IPsec: Compatibility issue with MS IPsec NAT Traversal
Problem:	Microsoft's IPsec NAT traversal was incompatible with the NAT traversal implementation in Clavister Firewall.
Results:	Microsoft's IPsec client would fail to establish an IPsec tunnel to a Clavister Firewall if there was a NATing gateway in between.
Affects:	Clavister Firewall v8.00.00 and up
Solution:	Solved in v8.60.00.

HA: Shared MAC addresses are not unique on all interfaces
Problem:	All interfaces in a HA cluster use the same shared MAC address.
Results:	When running a HA-cluster with more than one interface connected to the same switch which is segmented by VLAN, the switch may get confused and not allow the ethernet-address on more than one segment.
Affects:	Clavister Firewall v8.00.00 and up
Solution:	Solved in v8.60.00.
Note:	This behaviour will have to be enabled by the "HAUseUniqueSharedMacPerIface" advanced setting.
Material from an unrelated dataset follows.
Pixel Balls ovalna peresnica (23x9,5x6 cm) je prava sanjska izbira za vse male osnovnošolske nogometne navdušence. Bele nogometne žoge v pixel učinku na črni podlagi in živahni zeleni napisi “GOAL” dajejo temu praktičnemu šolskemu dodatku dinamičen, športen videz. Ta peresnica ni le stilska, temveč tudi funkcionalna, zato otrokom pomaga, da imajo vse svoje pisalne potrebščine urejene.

Interfaces are taken down during reconfiguration
Problem:	Interfaces are taken down during reconfiguration.
Results:	During reconfiguration the interfaces will restart link negotiation. This can confuse some switches running the Spanning-Tree algorithm.
Affects:	Clavister Firewall v8.00.00 and up
Solution:	Solved in v8.60.00.
Note:	If an interface needs to be taken down and reinitialized, the command "ifstat -restart " can be used.
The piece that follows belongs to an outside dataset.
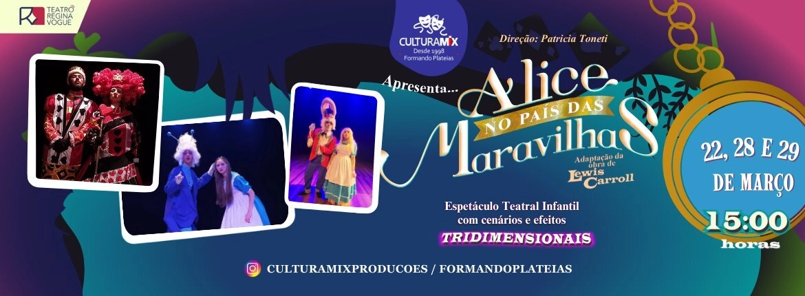 InfantilALICE NO PAÍS DAS MARAVILHAS DATE & TIME: 28 de março de 2026 - 29 de março de 2026 15:00 LOCATION: Teatro Regina Vogue Valores R$40,00 (meia + taxa adm)R$80,00 (inteira + taxa adm) Detalhes Classificação: LivreGênero: Infantil Importante:Não é permitida a entrada de alimentos ou bebidas no teatro Critérios para meia entrada: Idosos, estudantes, doadores de sangue, professores, PcD, Portadores de câncer Comprar ingresso TwitterFacebookPinterestLinkedin

Firewall Core Known Problems

HA: Transparent Mode won't work in HA mode
Problem:	There is no state synchronization for transparent mode and loop avoidance is not in place
Results:	Transparent Mode won't work in HA mode. There is no state synchronization and loop avoidance is not in place.
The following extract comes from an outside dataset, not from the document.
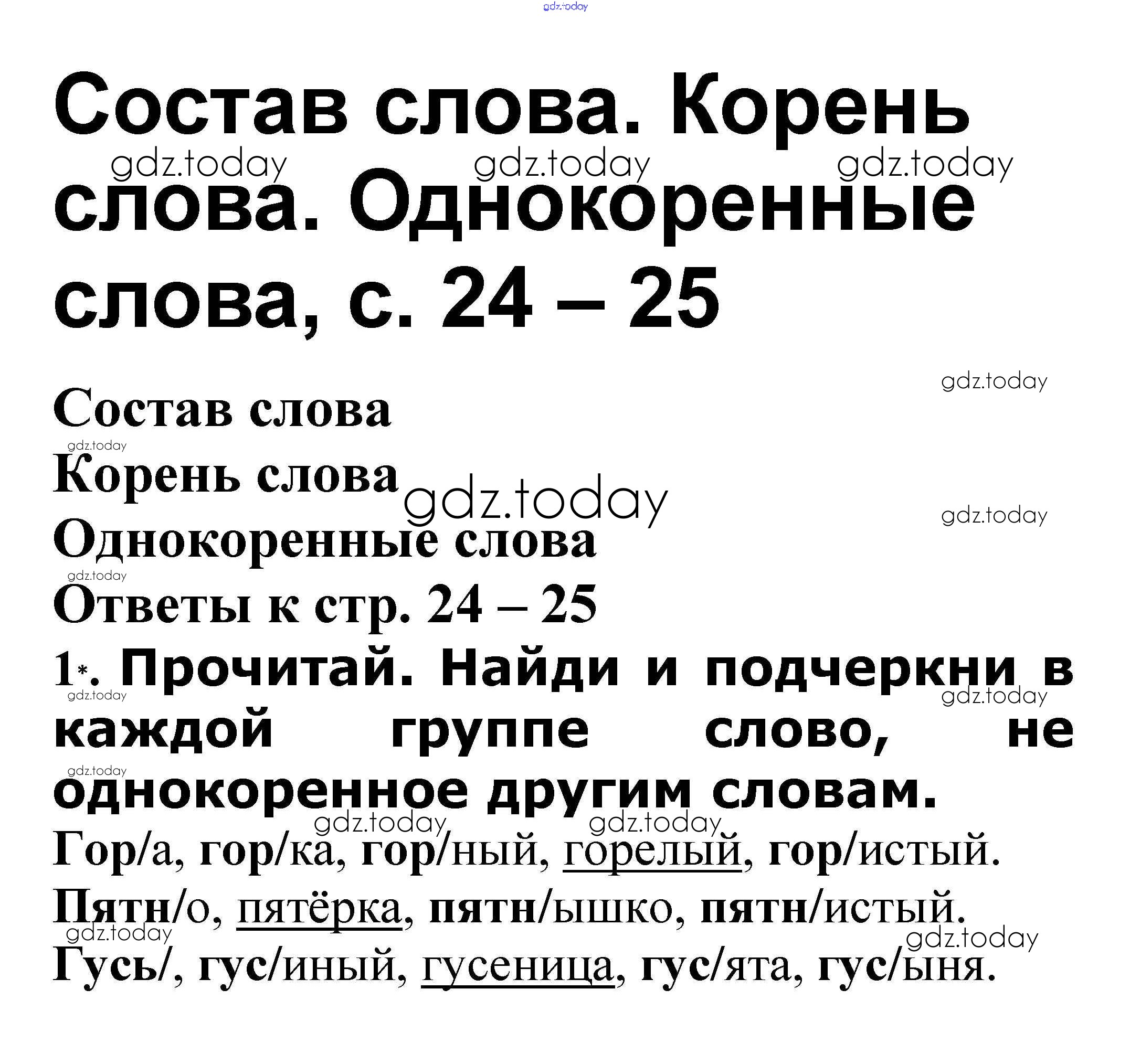 На страницах сайта gdz.today вы найдете учебный и вспомогательный материал, направленный на улучшения знаний школьной программы. ГДЗ - онлайн мир знаний Решение к теме "Состав слова" Корень слова. Однокоренные слова стр. 24 – 25 Проверочным работам по Русскому языку для 3 класса Канакина, Щеголева Просвещение Школа России 2018

HA: No state synchronization for ALGs
Problem:	No aspect of ALGs are state synchronized
Results:	This means that all traffic handled by ALGs will freeze when the cluster fails over to the other peer. If, however, the cluster fails back over to the original peer within approximately half a minute, frozen sessions (and associated transfers) should begin working again. Note that such failover (and consequent fallback) occurs each time a new configuration is uploaded.

HA: Tunnels unreachable from inactive node

Problem:

The inactive node in a HA cluster cannot communicate over IPsec, PPTP, L2TP and GRE tunnels, as such tunnels are established to/from the active node.

Results:

»	Inactive HA member cannot send log events over tunnels.
»	Inactive HA member cannot be managed / monitored over tunnels.
»	OSPF: If the cluster members do not share a broadcast interface so that the inactive node can learn about OSPF state, OSPF failover over tunnels uses normal OSPF failover rather than accelerated (<1s) failover. This means 20-30 seconds with default settings, and 3-4 seconds with more aggressively tuned OSPF timings.

HA: No state synchronization for L2TP and PPTP
Problem:	There is no state synchronization for L2TP and PPTP tunnels.
Results:	On failover, incoming clients will re-establish their tunnels after the tunnels are deemed non-functional. This timeout is typically in the 30 -- 120 second range.